The use of LEI codes will save significant time and money for financial institutions. For example, a single company could save millions of dollars a year by reducing the number of manual tasks that would otherwise be required to reconcile its various internal and external data systems.
Increased Compliance
The underlying premise of the LEI is that it provides an international standard for identification, so that market participants can be unambiguously identified. This is a major benefit in financial transaction compliance. It allows regulators, financial institutions, watchdogs and other stakeholders to verify transacting parties based on their true identities instead of the ambiguous matching of names that currently takes place. This reduces risk, improves data quality and saves time and money for everyone involved.
It’s not hard to see why the LEI has become a critical component of many financial transactions. The global economy uses a variety of different systems for identification, leading to a lot of ambiguity in the financial system, and expensive, error-prone processes that could be avoided with one globally consistent and easily accessible identifier.

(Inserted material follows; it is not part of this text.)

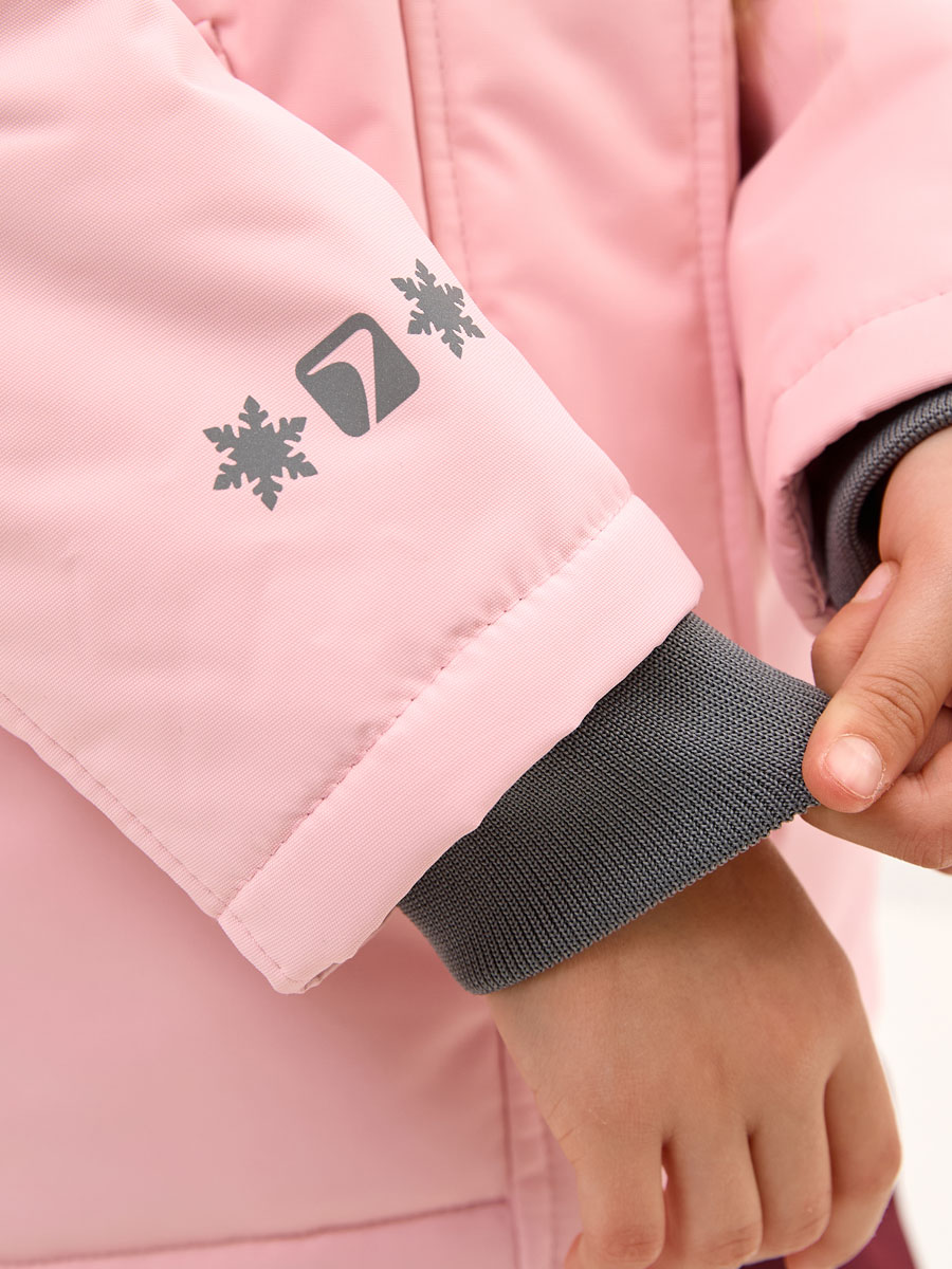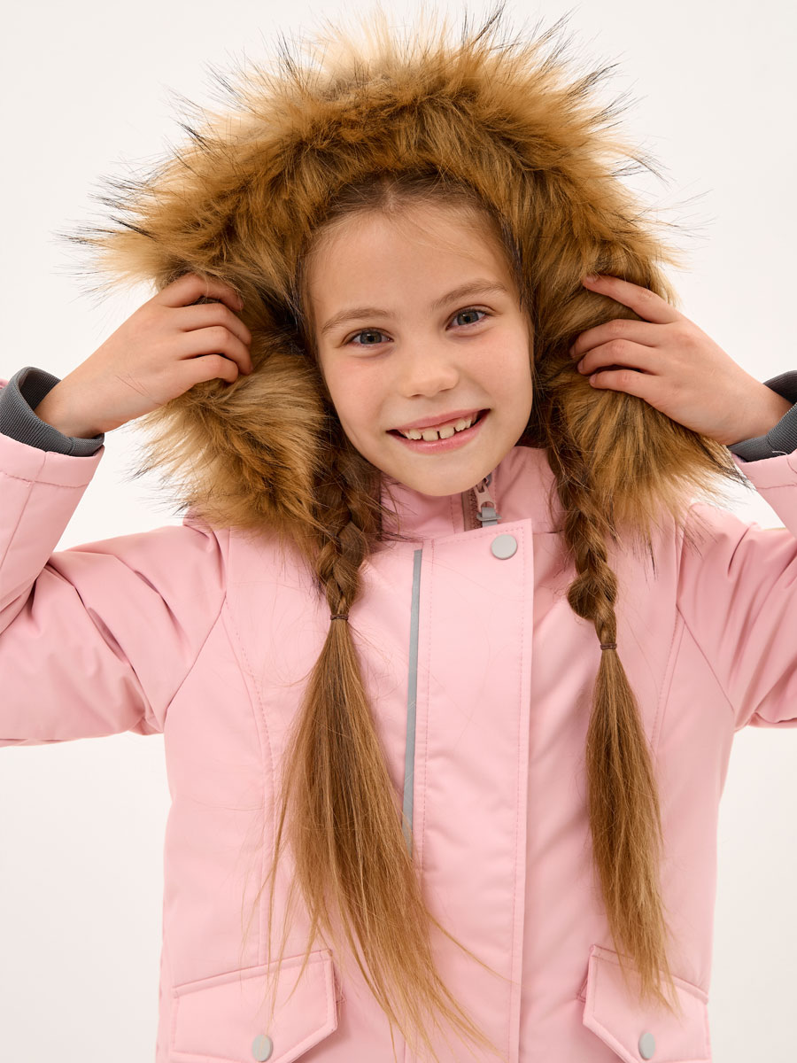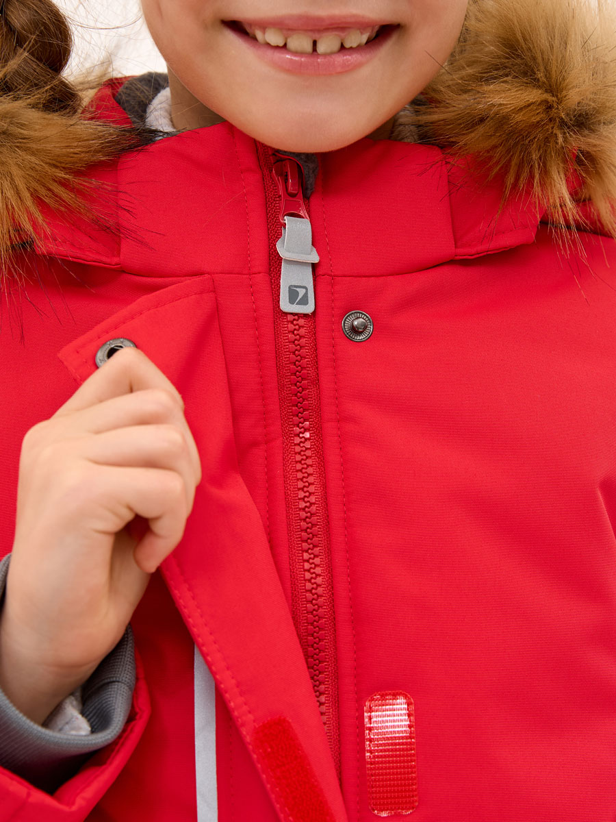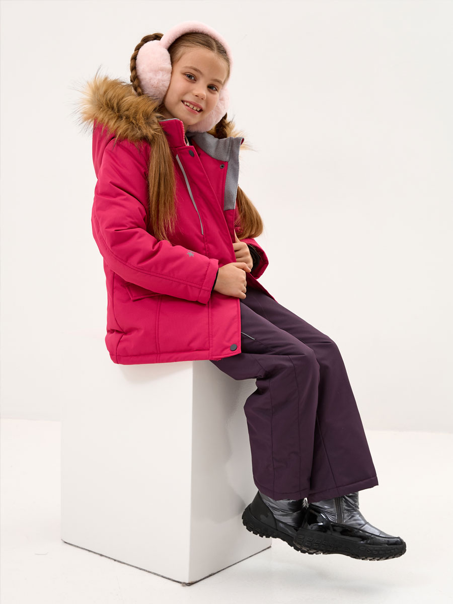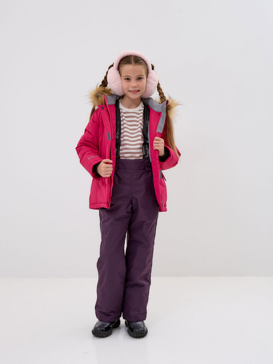 Куртка прямого силуэта, с втачным воротником-стойкой и отстёгивающимся капюшоном, с отстегивающейся опушкой из искусственного меха (енот). Застёжка на молнию, закрытая планкой на кнопках и липучках. 2 наружных кармана с клапаном на кнопке, 1 внутренний карман с липучкой. Подкладка из цветного флиса. В подкладке помочи из тесьмы для ношения куртки за плечами.

In the aftermath of the global financial crisis a decade ago, leaders of the world’s largest economies agreed to work together via the G20 and the Financial Stability Board to develop a solution that would help legally identify market participants across national boundaries and regulatory systems. A key piece of that solution was the development of the LEI – an internationally unique code that is linked to a legal identity and issued by an accredited registration authority. The LEI is a public, free-to-use identifier that offers accurate, accessible and reliable information about a company – including its legal name, its registry, its jurisdiction, whether it’s incorporated, a branch or parent of another entity, and its current status.
While a few of our interviewees pointed to some initial costs associated with moving from existing systems to the LEI, most cited the broader value of the system that will lead to savings in time spent on cleaning, matching and aggregating data, as well as in the cost of reporting to regulators. As the system evolves and grows, these benefits will become more widespread.
To move the needle on the adoption of the LEI, it will be important to shine a spotlight on some “killer applications” that inspire organizations to buy in without regulatory compulsion. We believe that identifying some of these will be possible, and will ultimately prove that the comparatively small fees to register an LEI are outweighed by the resulting cost savings.